Team collaboratively planning their on-call rotation and processes

On-call is the tax engineers pay for running production systems. And like any tax, if it’s designed poorly, people resent it, avoid it, and eventually leave. I’ve been on both sides — the engineer getting paged six times in one night for alerts that didn’t matter, and the lead designing a rotation that people don’t dread. The difference is never the services. It’s always the rotation design, the alert quality, and the runbook culture. If your on-call is burning people out, that’s not a people problem. It’s a design problem. And design problems have solutions.

“Monitoring is for asking questions. Alerting is for demanding answers. Know the difference.” — Charity Majors

Why On-Call Burns People Out

It’s rarely one thing.

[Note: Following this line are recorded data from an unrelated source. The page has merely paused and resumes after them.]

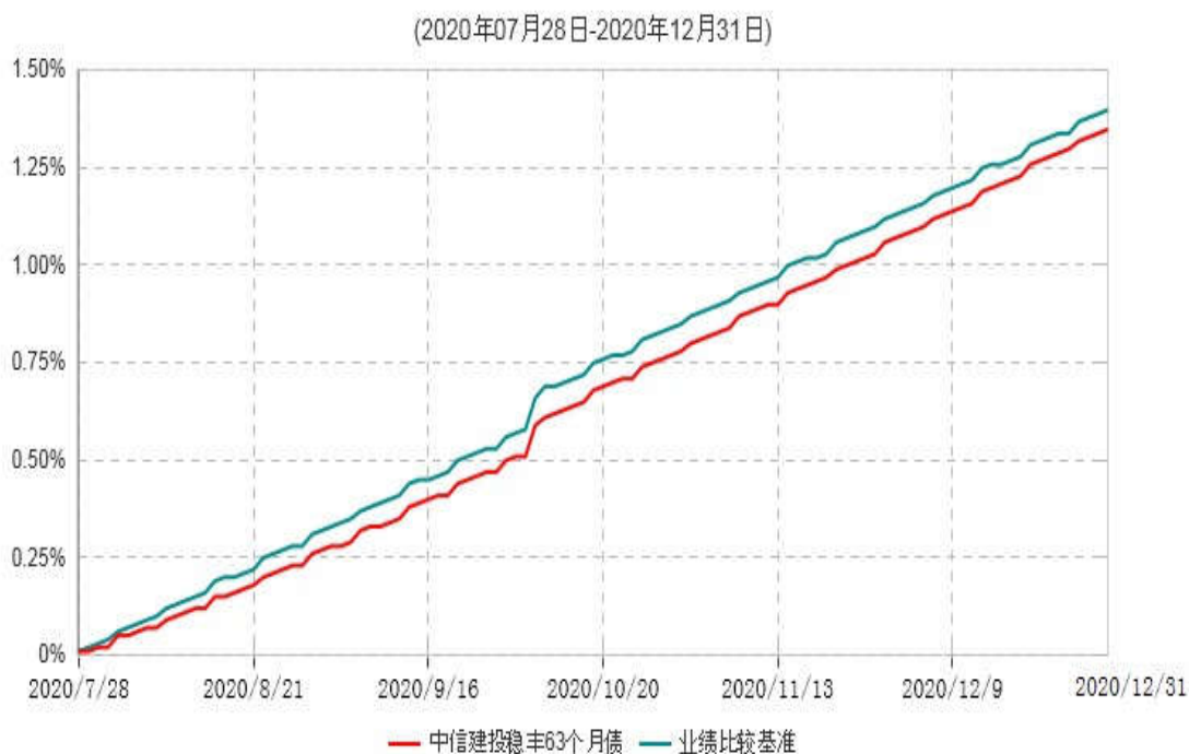
中信建投稳丰63个月定期开放债券型证券投资基金累计净值增长率与业绩比较基准收益率历史走势对比图

注：1、本基金基金合同生效于2020年7月28日，截至报告期末本基金基金合同生效未满一年。
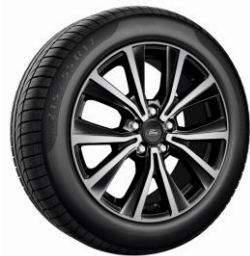
17" Titanium/Freedom limitált széria* Standard

2022.75-ös modellév - 2022/4 Érvényes: 2022. július 25-i számlázástól A változtatás jogát fenntartjuk!
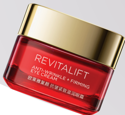
巴黎欧莱雅复颜抗皱紧致滋润眼霜 15ml/RMB220 (新春限量版)
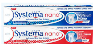
インドネシアで販売するSystema ハミガキ
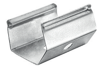
Clip de sujeción 40°
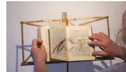
„In der Brandung des Lebens“ – fast noch träumend, ca. 17 x 24 cm
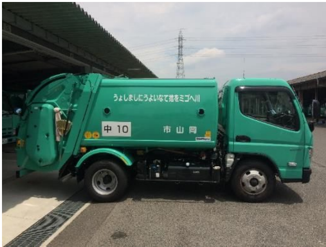
⑨ 消火用ガラス窓 右側面前後部
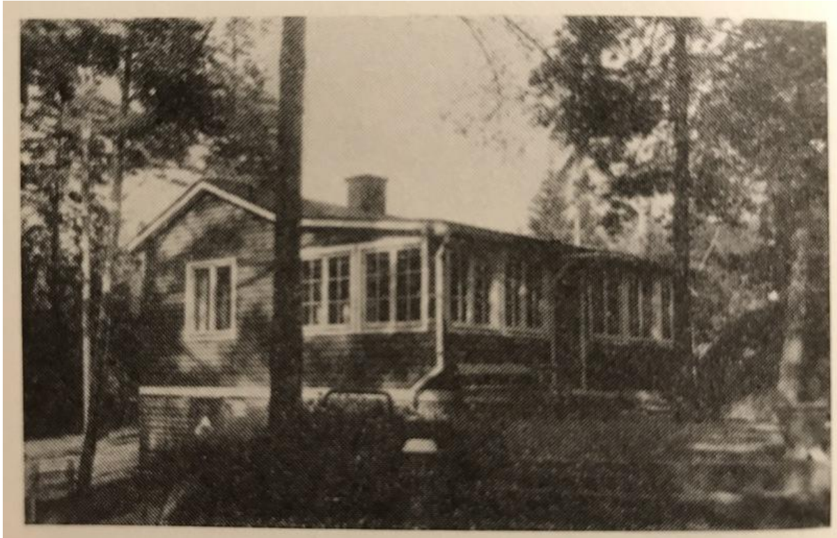
(Bild 10) Berglid på västra tomten. Bild ur boken "Sveriges bebyggelse - Östergötland" del III, 1950.

Bild 5. Åby 4 7 , Berglid, Hackefors: 600 m. fr. jvst. 3.005 kvm. Tax. 3.000 (1.000, 2.000). Förvärvad 1935. Trä, 1935, 1 rum, 1 kök. El. — Tygverkmäst. Nils o. Ingrid Lindberg, Linköping.

It’s the compounding effect of several, and understanding them is the first step to fixing them.

Burnout Factor	What It Looks Like	The Real Cost
Alert fatigue	15 pages in a night, 12 are false positives	Engineers stop trusting the pager — then miss the real alert
Unclear runbooks	Paged at 3 AM with no idea what to do	Longer incidents, more stress, slower resolution
No escalation path	Stuck with no one to call for help	4-hour solo incidents, isolation, resentment
No compensation	On-call is “just part of the job”	Your best engineers leave for companies without pagers
Uneven distribution	One person gets paged 3x more than others	Feels unfair because it is unfair — it’s a reliability problem masquerading as a rotation problem

Every on-call system I’ve improved started by honestly diagnosing which of these factors was doing the most damage.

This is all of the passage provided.